The sacculus responds only to sounds above 90 dB, but this can be easily exceeded by sounds like loud music or a person’s own voice (which can be as high as 130 dB in the larynx). Todd and colleagues Frederick Cody and Jon Banks have conducted experiments and gained saccular responses to sounds by measuring neck muscle tension (i.e., responses for head posture). Saccular sensitivity was found to range from 50-1000 Hz with peaks between 300-350 Hz.

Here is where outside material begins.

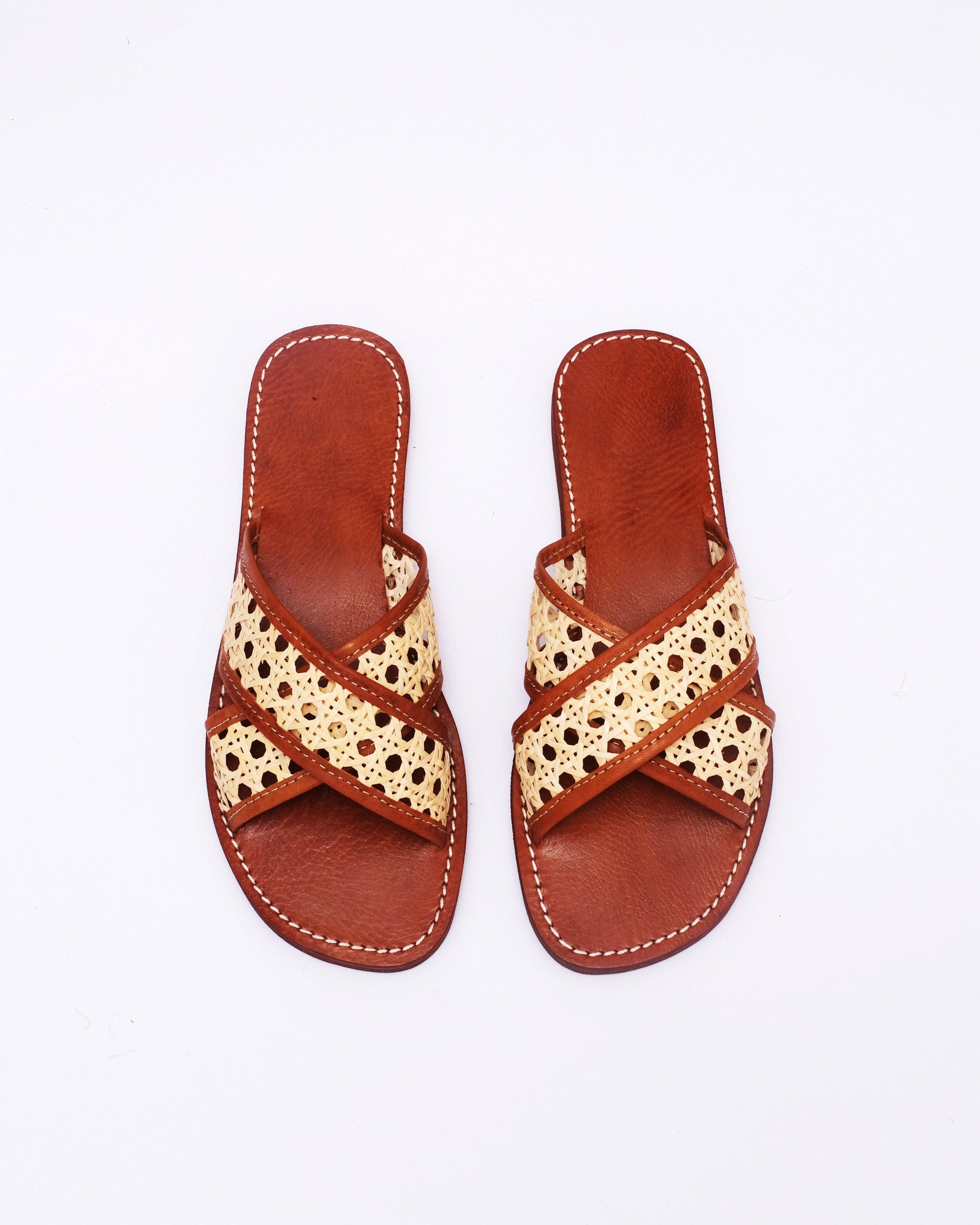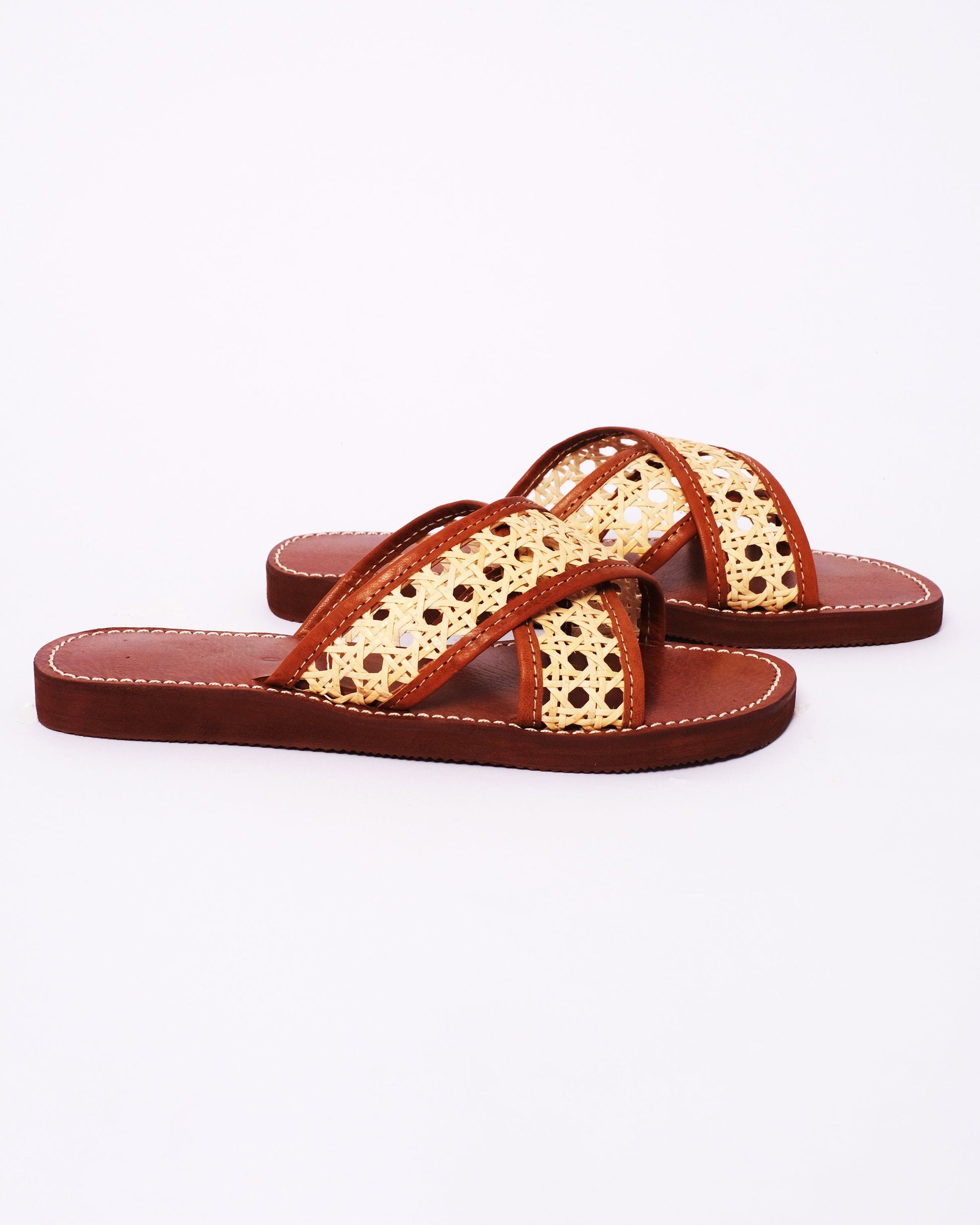 <p>Combining structure and lightness, these handmade leather and cane sandals are crafted by Moroccan artisans using traditional weaving and leatherwork. The natural cane criss-cross upper gives breathability, while the full leather sole brings lasting durability and comfort.</p>

The researchers point out that middle-C is 261 Hz, and male and female voice frequencies range up to 200 and 400 Hz respectively. Thus, large groups of people singing in choirs, chanting in churches or listening at a rock concert may be triggering extremely ancient responses that are vestiges of our evolutionary past.

(Editor’s Note: Information on the function of the sacculus as it relates to ultrasonic hearing devices can also be found in Staab et al.’s article (Feb. ‘98 HR) on “audible ultrasound” and Lenhardt’s article (March ‘98 HR) on the potential danger of ultrasonic signals.)

New Scientist
2/19/00, No. 2226: 11


Listen Up

By Neil Boyce

This article describes research being done by Ashley Harkrider at the Univ. of Tennessee in Knoxville relative to the effects of nicotine on hearing. In recent years, contradictory research about the effects of nicotine on hearing and sound processing have been published, with some studies suggesting that smoking increases auditory sensitivity and other studies indicating that it decreases the effectiveness of signal processing.

Harkrider had 20 non-smoker volunteers wear a nicotine patch and monitored their auditory brain impulses as they were listening in different types of noise. Her data indicates that nicotine may enhance the activity of neural pathways that helps the brain filter out unimportant repetitive sounds: “It may end up that the controlled use of nicotine will be beneficial in some types of hearing loss or diseases of the auditory system,” states Harkrider.

But before anyone rushes out of the office to light up a cancer-stick to better cope with adverse signal-to-noise ratios, Harkrider cautions that her study only applies to nicotine; the other nasty compounds found in cigarettes may very well be detrimental to a person’s hearing.